Вадим Демидов, лидер «самой великой из неизвестных русских рок-групп», — о том, как 35 лет играть рок в Нижнем Новгороде, и о том, почему наша музыка до сих пор отстает
Отметившая в прошлом году 35-летний юбилей нижегородская рок-группа «Хроноп», когда-то игравшая на легендарном фестивале «Подольск-87» вместе с «Наутилусом», «Калиновым мостом» и «ДДТ», так и осталась в статусе «широко известной в узких кругах», хотя всегда писала песни как минимум не хуже рок-героев«золотых 80-х». Тут уместно говорить о несправедливости, но, пожалуй, стоит признать, что отсутствие большого признания и стадионных концертов пошло лидеру коллектива Вадиму Демидову на пользу. Вадим умудрился не закоснеть и сохранить свой уникальный голос в русском роке и взгляд на окружающую реальность. Он по-прежнему живет совершенно не рок-н-ролльной жизнью в своем родном городе, пишет интересные романы и новые песни и, по общему мнению, в последние лет 10 находится в лучшей творческой форме: недавний альбом «Самостояние», состоящий из фирменных умных и нежных философских баллад, — тому лишнее подтверждение. Помимо этого, Вадим сам ведет страницы «Хронопа» в социальных сетях, размещая там посты практически ежедневно, и без устали слушает много новой музыки в поисках чего-нибудь интересного, что и слышно в его записях. Александр Нурабаев съездил в гости к Вадиму Демидову в Нижний Новгород и по душам поговорил о старых и новых песнях «Хронопа», о Чиже и группе Big Thief, о Горьком 80-х и о современной России.

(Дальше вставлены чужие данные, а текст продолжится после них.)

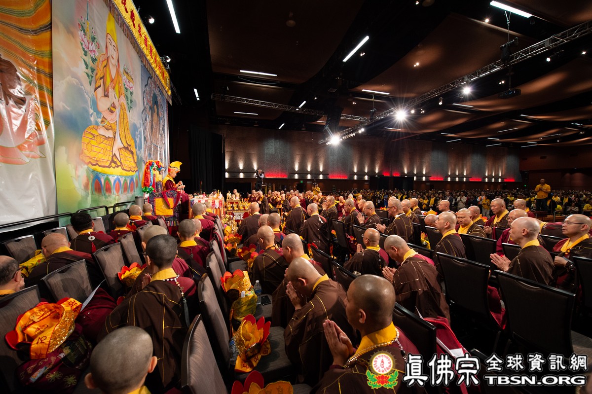 肅穆的法會儀軌圓滿結束後,是大眾殷切期盼的聖尊傳法開示。聖尊一開始提到在法會當中看到阿底峽尊者及宗喀巴尊者降臨法會。在多年前,黃教第一百世的甘丹赤巴法王來到西雅圖,賜給了師尊法王龍袍、灌頂瓶、金剛鈴杵、唸珠、手鼓,甘丹赤巴就是代表了宗喀巴祖師。

— В эфире радиопередачи Александра Липницкого много лет назад вы сказали, что привыкли слышать, что «Хроноп» — «самая великая [русская рок-группа] из неизвестных». И действительно: ваши тонкие, глубокие песни уровня не хуже же Шевчука, БГ и других признанных гуру русского рока, но по большей части практически никому не известны. У вас есть объяснение, почему так получилось?
— Году в 2010-м «Хроноп» выступал в местном клубе, и среди зрителей был Артемий Троицкий, с которым мы знакомы тыщу лет. И после концерта он подошел к микрофону и поделился своими впечатлениями об увиденном. Но говорил он в основном о том, почему мы, имея такой неплохой репертуар, не стали известной группой, как, скажем, «Сплин». Ну и о том, что мы большие лентяи — нужно было ехать в Москву и там, подобно лягушке из притчи, взбивать рок-н-ролльное масло. И, конечно, он был прав. Я лентяй.
Если бы я был популярен как «Сплин», то был бы очень несчастен.
У «Хронопа» был короткий период, 1989–1990 годы, когда мы побросали инженерные работы, пытались продвигать себя как группу и довольно много ездили по фестивалям. Но тут случилась революция, и уже приходилось больше думать о выживании, нежели о музыке. Но вообще как музыкант я не слишком амбициозен. Уверен, что если бы я был популярен как «Сплин», то был бы очень несчастен. Со стороны может показаться, что быть популярным артистом кайфово, но, по мне, это сильно ограничивает твою свободу, в том числе сочинительскую: тут легко стать заложником своего стиля, попасть под прессинг поклонников — а мне это неинтересно.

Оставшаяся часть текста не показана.